A GPT2 tutorial disguised as a headline generator
A Chinese-language learning project that admits its own model is undertrained because the author couldn't afford GPUs.

What it does
This repo walks you through training a GPT-2 model to generate Chinese news headlines from article text. It includes data preprocessing, training scripts, a custom vocabulary with special tokens like [Content] and [Title], and both Flask and Streamlit frontends so you can demo the results in a browser without touching HTML.
The interesting bit
The author is refreshingly honest: the bundled model is only 6 layers, randomly initialized (no pretrained weights), and trained for just 5 epochs because, in their words, “穷人没人卡” — poor people don’t have GPUs. The real product isn’t the model; it’s the heavily commented code meant to teach the full pipeline from data cleaning to deployment.
Key highlights
- Extensive Chinese comments explaining each step of GPT-2 training, loss computation, and generation
- Curated collection of 10+ Chinese news/summarization datasets (THUCTC, Sogou, LCSTS, etc.) with Baidu Pan download links
- Custom loss function that only computes loss on the title portion, not the full article
- Both Flask and Streamlit UIs included; the Streamlit addition is recent (Feb 2022)

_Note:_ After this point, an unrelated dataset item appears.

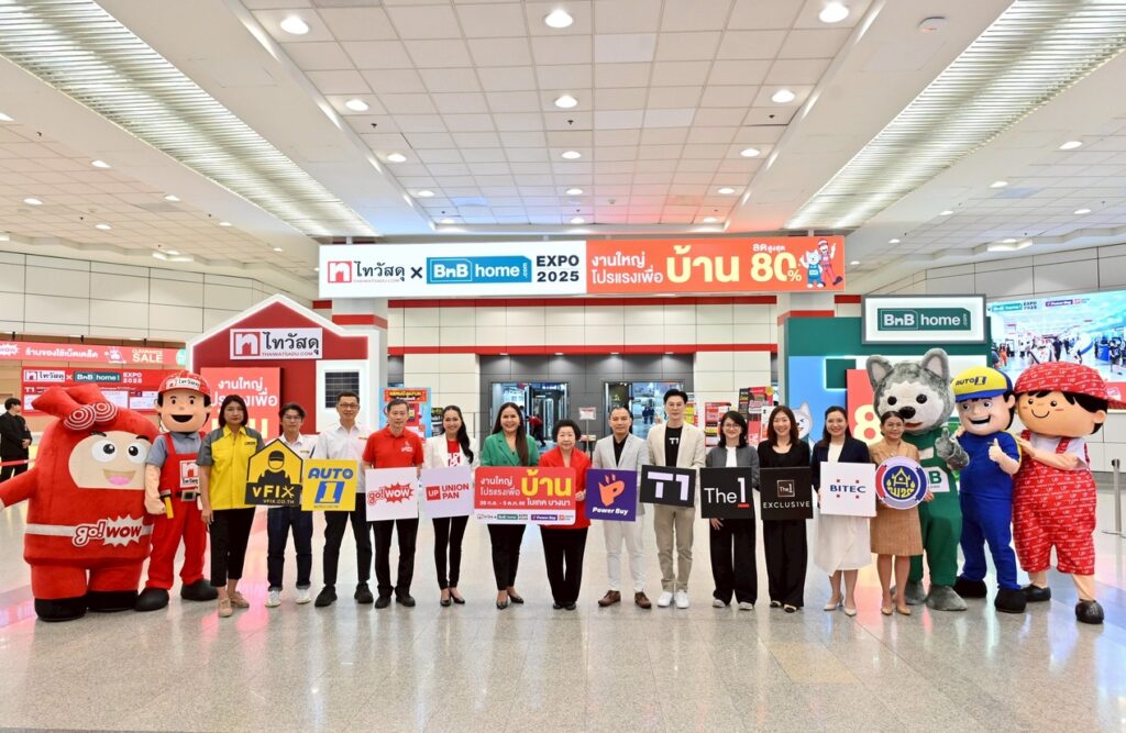 งานปีนี้โดดเด่นด้วยการผนึกกำลังแบรนด์ชั้นนำ ไม่ว่าจะเป็นพันธมิตรหลักอย่าง เพาเวอร์บาย (Power Buy) ที่นำเสนอเครื่องใช้ไฟฟ้า สินค้าอิเล็กทรอนิกส์ แกดเจ็ต Smart Appliance รุ่นใหม่ล่าสุด ที่คัดสรรมาเพื่อผู้บริโภคได้ช้อปในราคา Clearance Sale 80% อีกทั้ง ยูเนี่ยนแพน (Union Pan) ผู้นำด้านเฟอร์นิเจอร์ชุดห้องนอนและโซฟาพรีเมียม ที่ร่วมจัดงาน BEDROOM Set EXPO & SOFA EXPO ภายใต้คอนเซ็ปต์ ‘พรีเมี่ยมเฟอร์นิเจอร์ เซลล์ 2025’ คัดสรรไอเท็มเด็ด เฟอร์นิเจอร์ยอดนิยม มาพร้อมฟังก์ชั่นและดีไซน์หลากหลาย ตอบโจทย์ทุกไลฟสไตล์เจ้าของบ้านได้เป็นอย่างดี  นอกจากนี้ยังมี ออโต้วัน (AUTO1) ศูนย์บริการรถยต์ครบวงจร เครือเซ็นทรัล รีเทล ร่วมจัดงาน AUTO1 EXPO 2025 มหกรรมยางรถยนต์ มอบดีลพิเศษเพื่อคนรักรถ ซื้อสินค้ายางรถยนต์ 3 แถม 1 พร้อมส่วนลดเพิ่มอีก 2,000 บาท รวมทั้ง โก! ว้าว (go! WOW) โซนบูธร้านของใช้เบ็ดเตล็ด กับโปรฯ ซื้อ 3 แถม 1 และ ซื้อ 2 แถม 4 ให้ลูกค้าได้ช้อปเพลินอย่างสบายใจ สบายกระเป๋า การรวมตัวของพันธมิตรจะช่วยให้งาน ‘ไทวัสดุ x บีเอ็นบี โฮม เอ็กซ์โป 2025 งานใหญ่โปรแรงเพื่อบ้าน’ เป็นอีกงานสำคัญที่ทุกคนไม่ควรพลาด

- Vocabulary trimmed to 13,317 tokens with special markers for content/title boundaries
Caveats
- The provided model is explicitly described as undertrained and “效果一般” (mediocre); you’ll need to train your own for production use
- All dataset and model downloads use Baidu Pan, which requires extraction codes and may be inaccessible outside China
- Dependencies are pinned to older versions (transformers 3.0.2, Flask 0.12.2)
Verdict
Worth bookmarking if you’re a Chinese-speaking developer who wants to understand GPT-2 mechanics hands-on. Skip it if you need a ready-to-use headline generator; the author will tell you themselves this isn’t that.